Сыщик постоял под фонарём – будто световой зонтик укрывал его от падающей сверху темноты, – докурил папиросу, бросил окурок в чугунную урну-цветок, прошёл мимо скамейки, на которой сидел, судя по очертаниям, человек, и пошёл вперёд, к следующему светлому пятну в кромешной мгле. Какой-то господин вышел к нему навстречу из тумана, приподнял цилиндр в приветствии и скрылся в тумане. Мамушка его не узнал. Возможно, и сам господин принял сыщика за кого-то другого.
Огни Моста самоубийц выглядели в тумане как жёлтые круглые пятна. Сам мост, его арки и опоры, вставали в тумане громоздкими затвердевшими продольными и поперечными массивами темноты. Эта зыбкая картина показалась Мамушке почему-то тревожной – в какой-то момент ему даже почудился женский вскрик со стороны моста, что-то тёмное промелькнуло промеж жёлтых пятен и тёмных вертикальных сгущений, и будто бы послышался всплеск воды. Мамушка отогнал тревожные догадки. Всё вокруг казалось ненадёжным, обманчивым – да если и действительно вскрик и всплеск ему не почудились, что он мог поделать? Немедленно побежать к мосту и броситься в воду наугад? В каком месте искать? И много ли шансов, даже если он добежит до воды достаточно быстро?

«Я никого сейчас не способен спасти», – подумал сыщик и пошёл прочь от моста.
Он желал как можно скорее найти какой-нибудь бар или кабачок, чтобы выпить и согреться. Фляжка на груди была почти пуста.
Преодолев Лосиную площадь – бронзовый лось на постаменте плавно выплыл ему навстречу из мглы, проплыл мимо и исчез за спиной – Мамушка узким переулком вышел на какую-то улицу и, увидев светящееся окно и два фонаря при двери, пошёл прямо на них. Фонари высветили облупленную вывеску над входом:

Бар
Королевский запас

В окне сияла рожа какого-то господина за столиком; зелёный напиток в рюмке перед ним светился.

Дверь скрипнула. Сыщик погрузился в небольшое помещение бара, словно в тёплый бассейн, пахнущий мятой, табаком, водкой, кофе и можжевельником. Снял шляпу, положил её на столик – на полях тонким слоем ещё лежали куски тумана, но они быстро растворились. Заказал себе рюмку джина и рюмку абсента, стакан воды. Попросил принести свечу.

В баре было тихо. Помимо него присутствовало ещё два посетителя: господин у окна и немолодая женщина за столиком в глубине зала, похожая на старую пьющую проститутку. На женщине была драная лисья горжетка и шляпа с вуалеткой, муаром и пером. Как только сыщик вошёл в бар, она принялась украдкой наблюдать за ним, чего сам Мамушка не мог не заметить.

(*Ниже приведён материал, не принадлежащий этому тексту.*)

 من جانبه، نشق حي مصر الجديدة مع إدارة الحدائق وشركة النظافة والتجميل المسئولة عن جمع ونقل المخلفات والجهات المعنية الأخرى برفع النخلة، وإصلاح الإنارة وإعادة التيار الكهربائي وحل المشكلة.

Играть в переглядки с ней сыщику было скучно и лень; он закурил, отпил из рюмки джин, уставился на огонёк свечи и сосредоточился на своих мыслях, которые в этот час были смутны, переменчивы и зыбки; более чем на мыслях Мамушка концентрировал внимание на своих чувствах и предчувствиях, ощущениях и отголосках эмоциональной памяти.

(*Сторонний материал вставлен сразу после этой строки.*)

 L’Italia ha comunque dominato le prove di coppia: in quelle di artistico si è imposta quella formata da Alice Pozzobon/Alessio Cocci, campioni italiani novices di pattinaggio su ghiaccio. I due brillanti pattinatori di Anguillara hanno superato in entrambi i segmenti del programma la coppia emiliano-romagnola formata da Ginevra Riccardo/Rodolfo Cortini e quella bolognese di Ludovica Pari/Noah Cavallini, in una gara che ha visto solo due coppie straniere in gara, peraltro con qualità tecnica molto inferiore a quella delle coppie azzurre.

Погружаясь в самого себя, как в реку, он постепенно уплывал в самом себе от внешнего местопребывания – из местного он захватил с собой только свечу, две рюмки с напитками и стакан воды. Всё это находилось в тёплом шаре света, вместе с которым и перенеслось неведомо куда. Мамушка, плывущий, сначала вспоминал зыбкое ощущение далёкого счастья – когда-то он был незамутнённо счастлив, высоко, пронзительно – но, по всей видимости, кратко. Иногда казалось, что этот краткий бирюзовый миг ему просто приснился в прошлом; потом был забыт; потом несколько раз следы этого сновидения проступали на реальности в виде необычайно чистого и свежего воздуха (факт которого в Изерброке сам по себе чудесен), белых цветов на ветке, нотки сливочной карамели, внезапно обнаружившейся в послевкусии ливадийского портвейна; одинокой, чистой и мелодичной песне неведомой птицы по утру. Один раз следы счастливого сновидения проступили утренним инеем и вскоре исчезли.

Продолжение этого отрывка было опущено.